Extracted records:

☆ ☆ ☆

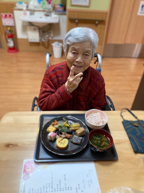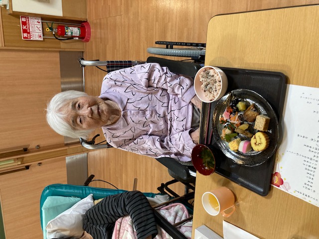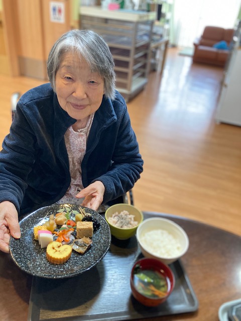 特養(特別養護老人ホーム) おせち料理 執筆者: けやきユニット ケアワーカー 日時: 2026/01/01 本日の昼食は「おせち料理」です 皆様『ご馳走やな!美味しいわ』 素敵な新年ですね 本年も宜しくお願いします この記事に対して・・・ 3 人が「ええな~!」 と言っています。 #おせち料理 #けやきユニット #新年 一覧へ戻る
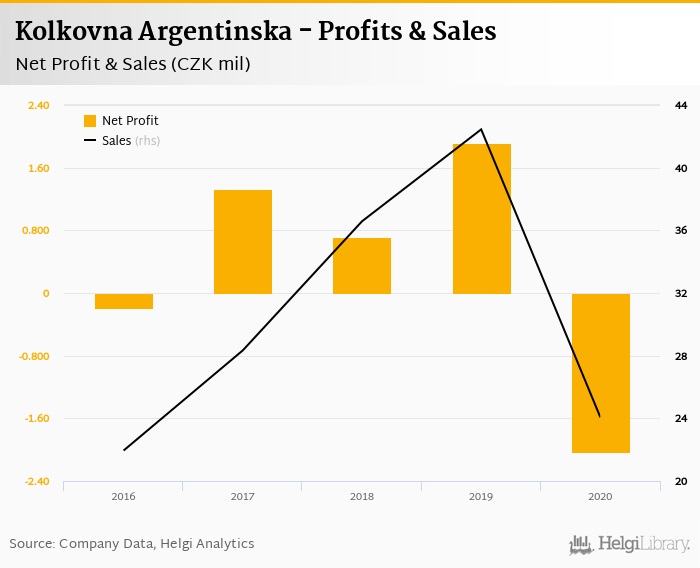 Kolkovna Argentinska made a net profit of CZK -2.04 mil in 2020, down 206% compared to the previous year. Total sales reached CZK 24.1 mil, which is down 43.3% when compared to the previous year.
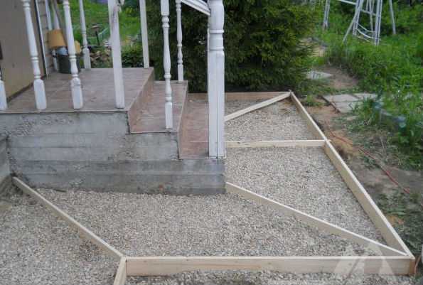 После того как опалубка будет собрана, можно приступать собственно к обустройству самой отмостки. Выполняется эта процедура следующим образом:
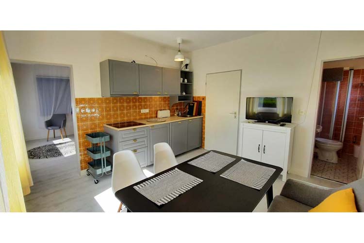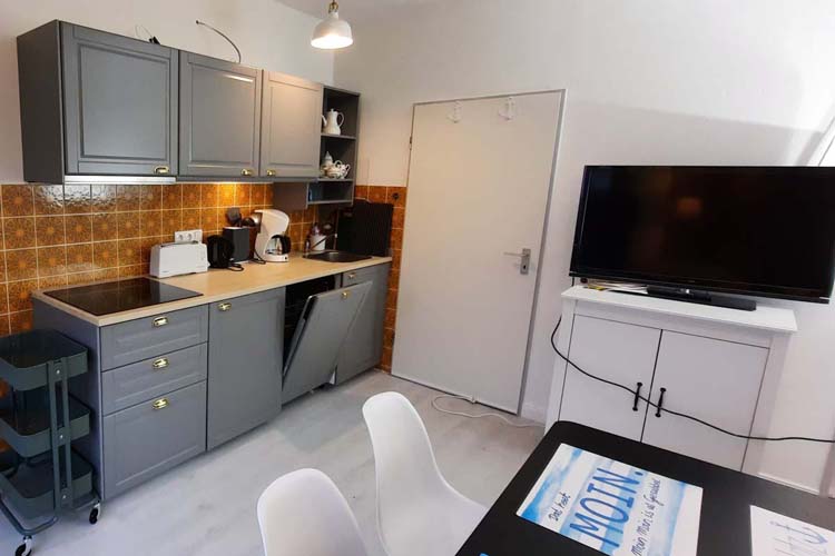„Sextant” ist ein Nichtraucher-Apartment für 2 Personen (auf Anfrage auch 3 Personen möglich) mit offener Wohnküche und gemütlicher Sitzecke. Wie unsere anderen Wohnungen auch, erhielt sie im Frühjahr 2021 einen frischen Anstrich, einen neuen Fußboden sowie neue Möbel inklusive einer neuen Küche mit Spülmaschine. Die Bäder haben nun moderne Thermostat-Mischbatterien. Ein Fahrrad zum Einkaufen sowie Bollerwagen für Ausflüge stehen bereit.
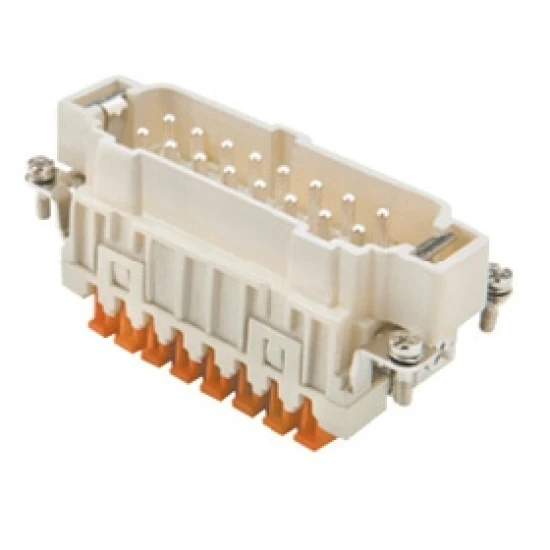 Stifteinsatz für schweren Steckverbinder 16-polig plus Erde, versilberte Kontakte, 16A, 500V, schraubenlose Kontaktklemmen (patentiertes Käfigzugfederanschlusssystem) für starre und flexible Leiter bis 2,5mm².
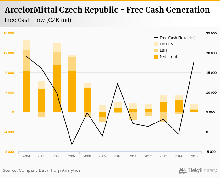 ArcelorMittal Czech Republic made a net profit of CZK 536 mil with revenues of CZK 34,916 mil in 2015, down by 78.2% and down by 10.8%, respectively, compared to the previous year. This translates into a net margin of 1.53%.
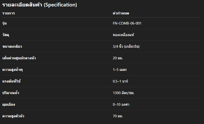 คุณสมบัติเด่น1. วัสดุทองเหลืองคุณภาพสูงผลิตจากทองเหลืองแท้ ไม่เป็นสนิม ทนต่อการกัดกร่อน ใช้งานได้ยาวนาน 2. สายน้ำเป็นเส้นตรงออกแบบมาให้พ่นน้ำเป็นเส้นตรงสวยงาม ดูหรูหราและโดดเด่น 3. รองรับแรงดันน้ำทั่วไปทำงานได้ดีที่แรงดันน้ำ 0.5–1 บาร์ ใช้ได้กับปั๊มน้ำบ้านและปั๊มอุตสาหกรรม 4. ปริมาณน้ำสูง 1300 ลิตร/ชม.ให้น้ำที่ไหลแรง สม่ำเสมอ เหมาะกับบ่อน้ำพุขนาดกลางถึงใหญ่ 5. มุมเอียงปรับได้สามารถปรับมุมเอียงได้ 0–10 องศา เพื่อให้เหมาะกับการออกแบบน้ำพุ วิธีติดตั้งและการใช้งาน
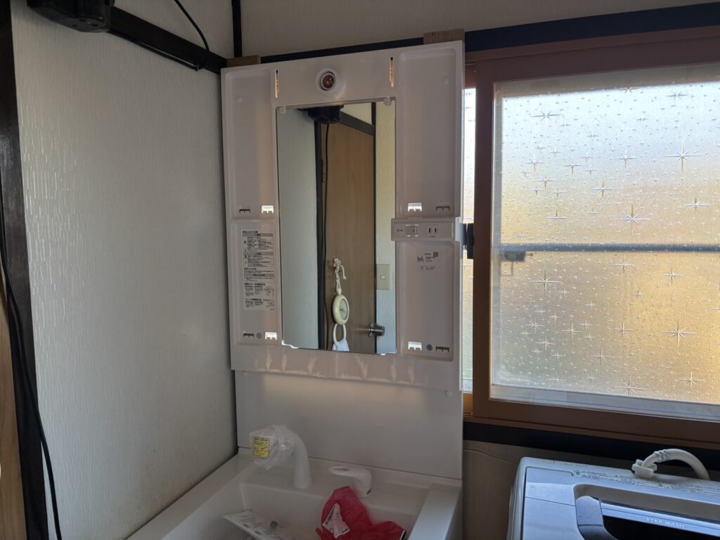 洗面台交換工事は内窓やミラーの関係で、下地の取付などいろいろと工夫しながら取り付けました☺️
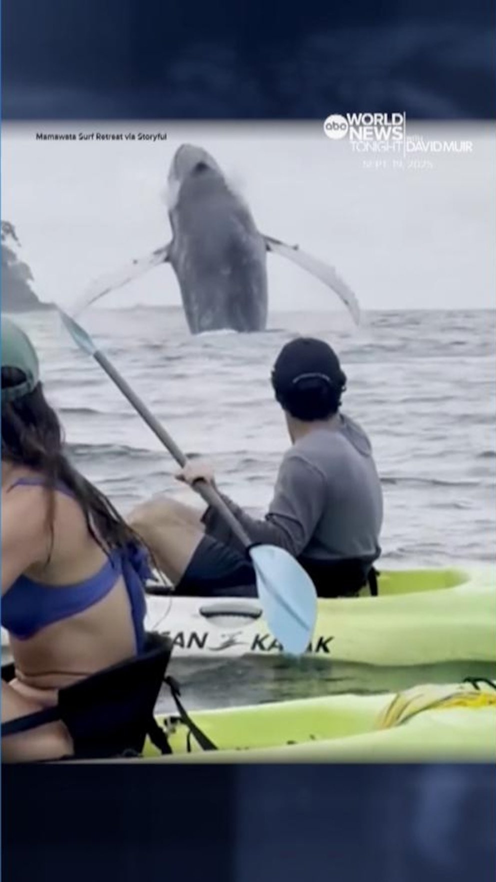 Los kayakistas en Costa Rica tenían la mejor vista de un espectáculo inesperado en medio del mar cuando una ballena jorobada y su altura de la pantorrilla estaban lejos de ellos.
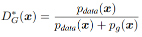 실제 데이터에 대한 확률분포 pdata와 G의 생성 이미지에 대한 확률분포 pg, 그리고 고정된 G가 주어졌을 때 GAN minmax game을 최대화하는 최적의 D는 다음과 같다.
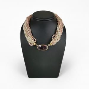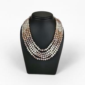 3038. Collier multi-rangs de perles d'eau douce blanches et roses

☆ ☆ ☆

# The problem:
For this answer, return word for word the lines from the first line of the records through the line containing "После того как". Omit the pictures.

# Output of the exercise:
 特養(特別養護老人ホーム) おせち料理 執筆者: けやきユニット ケアワーカー 日時: 2026/01/01 本日の昼食は「おせち料理」です 皆様『ご馳走やな!美味しいわ』 素敵な新年ですね 本年も宜しくお願いします この記事に対して・・・ 3 人が「ええな~!」 と言っています。 #おせち料理 #けやきユニット #新年 一覧へ戻る
 Kolkovna Argentinska made a net profit of CZK -2.04 mil in 2020, down 206% compared to the previous year. Total sales reached CZK 24.1 mil, which is down 43.3% when compared to the previous year.
 После того как опалубка будет собрана, можно приступать собственно к обустройству самой отмостки. Выполняется эта процедура следующим образом:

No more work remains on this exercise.